In the early hours of the 28th of April 1944 eight Landing Ship Tanks (LST’s), full of American servicemen were in Lyme Bay, off the coast of Devon, England. Their purpose to take part in Exercise Tiger, the realistic rehearsals for the D-Day landings in Normandy. The night turned into tragedy as a group of patrolling German e-boats discovered and attacked them. At the end of Exercise Tiger 946 American serviceman had lost their lives.
And that is how something as mundane as an empty powdered milk barrel found its way into the Cookworthy Museum in Kingsbridge, it was left in the Trout’s Hotel, which was seconded as an officers mess during the exercise (the whole area was evacuated of civilians; an everyday thing that can only hint at the scale of the operation and its impact on the service men and women and the local population.

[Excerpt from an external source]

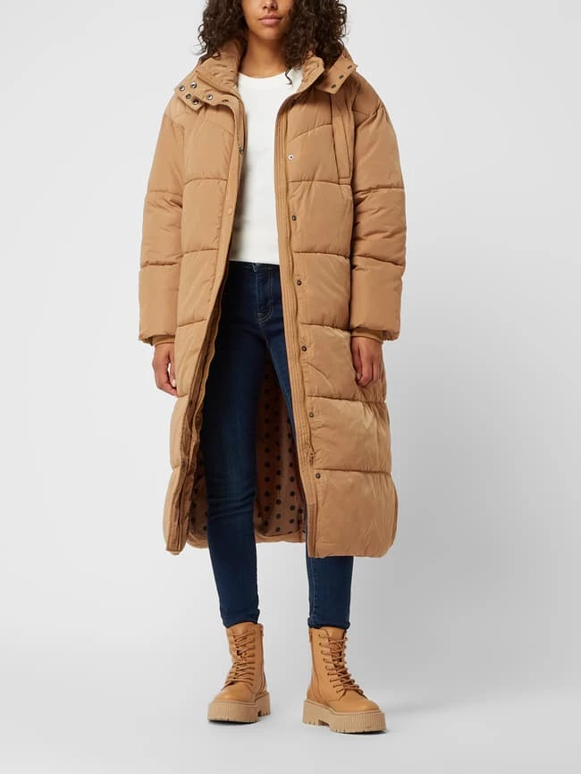 Der Steppmantel von Nümph ist aus strapazierfähigem Material gefertigt. Er zeigt sich in lockerer Passform mit Kapuze, überschnittenen Schultern und Wattierung.
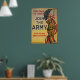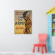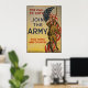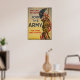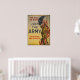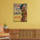 Un poster de reclutamiento de la Primera Guerra Mundial muestra a un soldado parado al lado de una bandera estadounidense y soplando un bugle.

The military history of Exercise Tiger can be found here, it was a tragedy,
that was shrouded in secrecy for over 40 years with many of the families of those who died having no idea about what happened (as my mum is fond of saying about WWII, ‘There was a lot we never knew about’.) Then thanks to the exceptional efforts of the late Ken Small, who managed to locate and lift from the seabed a Sherman Tank that had been lost that night and to then dedicate it as a fitting memorial to all those who died.
I think I have to look at this beautiful place in a slightly different light.